If investors aren't able to learn the lessons of over-speculation from a few short years ago (that is, with respect to the NASDAQ collapse), is it in their make-up to ever learn at all? The answer is yes, but that process always requires hard lessons, usually in the form of unanticipated and falling asset values over a period of years. It has happened post-mania every time since the 14th century, and we have begun that normal and inevitable post-bubble (and now post-bubble-bubble-bubble) process once again. Please don't be caught with your pants down.
Those who felt there is no risk to investment will become the next generation to learn that not only can asset values decline post-bubble, those investments can actually fall completely out of favor. It is likely that our generation will be the next to warn our children and grandchildren that you really can lose your money in the markets and in real estate.
Languishing long-term interest rates relative to short-term rates are a persistent deflationary clue.

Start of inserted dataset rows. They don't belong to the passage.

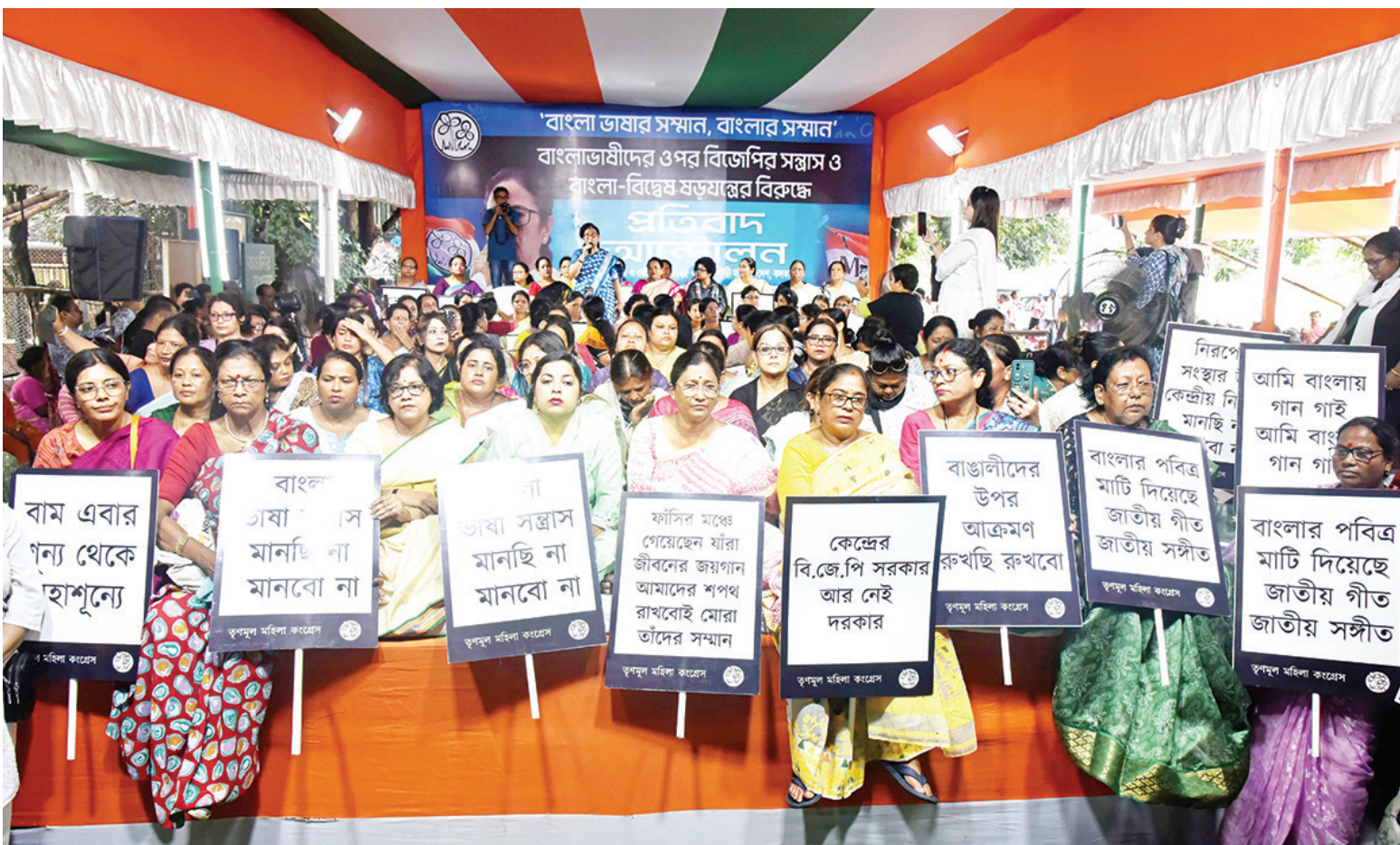
The Trinamool Mahila Congress leaders and activists held a demonstration condemning the attack and harassment faced by Bangla-speaking people in other states, in Kolkata on Sunday.
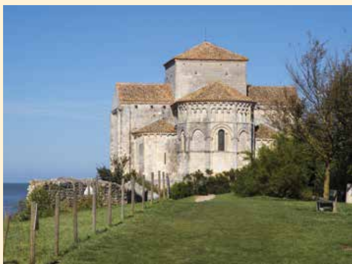
Sainte-Radegonde de Talmont Church on the Gironde estuary

History lovers may admire the splendidly preserved, medieval Château de Roquetaillade—whose original fortifications were built by Charlemagne—or the ruins of Sauve-Majeure Abbey, a masterpiece of Romanesque architecture. Alternatively, oenophiles may choose to visit a private château whose owner will greet us for a sampling of Sauternes, a sweet white wine. B, L, D
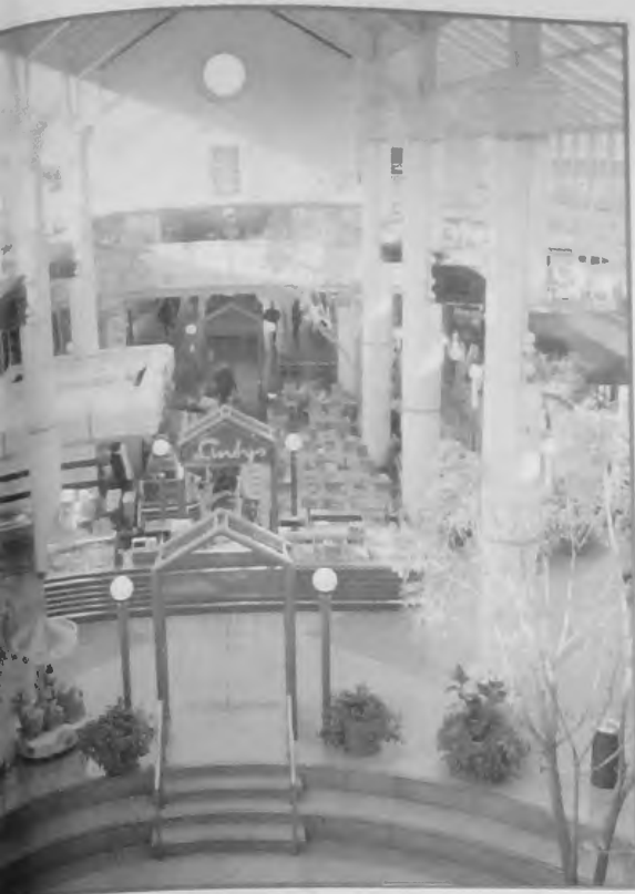
Broadwalk . . . Edgware
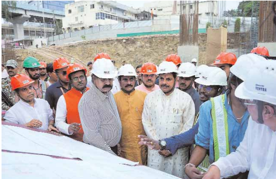
Madhya Pradesh Chief Minister Mohan Yadav and BJP State President VD Sharma inspect the under-construction building of BJP State headquarters in Bhopal on Friday.

stituencies. Three auxiliary polling stations each have been made in Gwalior Rural, Raghogarh, Bhopal South-West and Mandsaur , four each in Guna-Chhindwara, Bhopal Central, Barwah and Indore-4 and five each in Gwalior, Gwalior South, Dabra and Berasia assembly constituencies. Seven auxiliary polling stations have been made in Jabalpur East, eight each in Narela and Depalpur, nine each in Ujjain South and Ujjain North, 18 in Indore-1, 18 in Indore-2, 19 in Sanwer, 20 in Dr. Ambedkar Nagar (Mhow), 29 in Huzur, 50 in Indore-5 and 53 in Rau assembly constituency.
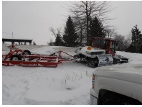
The Frontier Piston Bully and drag sporting the Club banner.
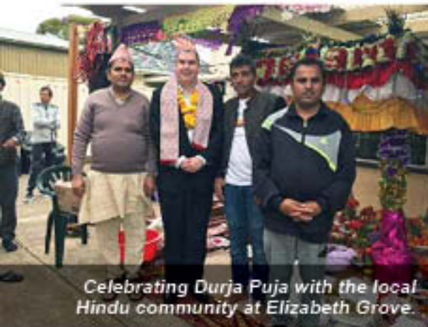
Celebrating Durja Puja with the local Hindu community at Elizabeth Grove.
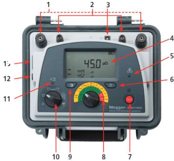
DLRO10HD Instrument Overview
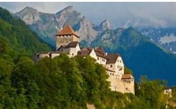
DAY 8, Thursday - Morning at Leisure in St. Moritz, Liechtenstein, Travel to Lucerne

Morning is at leisure to explore glitzy St Moritz on your own. Take a stroll on Via Serlas with its string of famous designer boutiques or, linger in one of the many sidewalk cafes and enjoy the spectacular alpine setting. Perhaps, join the optional Horse-Drawn Carriage Ride. Depart from Pontresina a resort town, located at the entrance to the Val Bernina just 4 miles from St Moritz for a ride through the Val Roseg. Marvel at the views of the impressive Bernina massif and the nearby glaciers. In the late morning, travel to Lucerne. En route stop in Liechtenstein, the tiny storybook Principality and the sixth-smallest country in the world that lies in the heart of the Alps, sandwiched between Switzerland and Austria. Its capital city Vaduz is a proud remnant of feudal Europe, still governed by one of the oldest noble families. Arrive in Lucerne, where the remainder of the day is at leisure to further explore this festive city on your own. Tonight, perhaps join the optional Swiss Folklore Dinner, which offers traditional customs of good food, homemade beer, music and fun
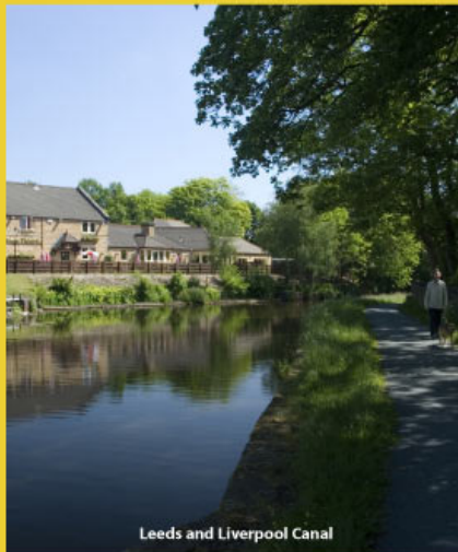
Leeds and Liverpool Canal

The last steam powered weaving mill in Britain, where the magnificent steam engine 'Peace' powers over 300 deafening Lancashire looms producing yards of cotton cloth for export. Interactive exhibits allow you to zoom into the looms for a closer look and you can hear all about 'life at t'mill' as former mill workers tell their stories. Tel. 01282 412555
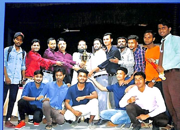
Champion of Cricket in ASW - 2018-19
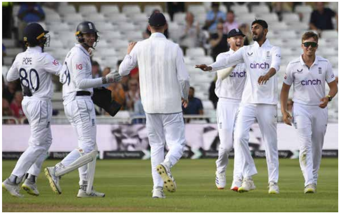
England's Shoaib Bashir, second right, celebrates with teammates after dismissing after West Indies' Jason Holder during day four of the second Test between England and the West Indies at Trent Bridge cricket ground, Nottingham, England, Sunday, July 21, 2024.

Wood's return to the team at Trent Bridge saw him send down a barrage of 90mph-plus deliveries, including bowling the fastest over recorded in England since records began being

Yield-curve inversion is another. Emerging market stock market crashes taking place one-by-one, worldwide, point to the same outcome. So does the sudden, precipitous 2006 drop in the Homebuilders Index ($RUF). One by one, commodities will be taking unanticipated hits. Rampant, dot.com style real estate speculation is already drying up nationwide as local markets soften one by one. Take it from this investment realtor: Real estate deflation has begun and will persist for a longer period than almost anyone can imagine.
The stock market is paying the price right now, as well. What you are seeing is the early stage of a precipitous and persistent third-wave decline in equities; one that will have investors baffled and wondering what happened. Precious metals, after a run that had most investors thinking the sky was the limit, have begun their initial splat (although "helicopter" Ben Bernanke could conceivably revive the precious metals trade if he pushes the liquidity button again when the real economy falters). The last leg of the recent metals run was built on the availability of liquidity, hedge fund trading and pure speculation, not fundamentals of the marketplace, and leveraged speculators will learn the hard way that even those markets can indeed fall and fall hard. (Note: After the long post-bubble shakeout is complete, we expect precious metals to be a particularly good investment).
Using history as our guide, our call is for a grinding asset deflation, a painful credit contraction, a potentially severe liquidity crisis (exacerbated by our country's currently negative savings rate) and an astonishing percentage decline in real estate values over the next ten years. The stock market is in the early throes of falling victim to the same fate.
If you currently hold investment real estate, it will likely serve you well to sell it immediately. Those who work to eliminate debt and maintain cash positions in the coming environment will see the buying power of that cash increase substantially relative to other asset classes, and those investors will eventually position themselves to buy assets at substantial discounts. For maximum protection, cash can be held in treasury money funds (T. Rowe Price offers one currently yielding 4.09%: http://www.troweprice.com/gcFiles/pdf/trust.pdf?ft=PR&from). Not an investment return to write home to mother about, true, but one that will look quite strong when contracting credit lays waste to overly extended investment vehicles.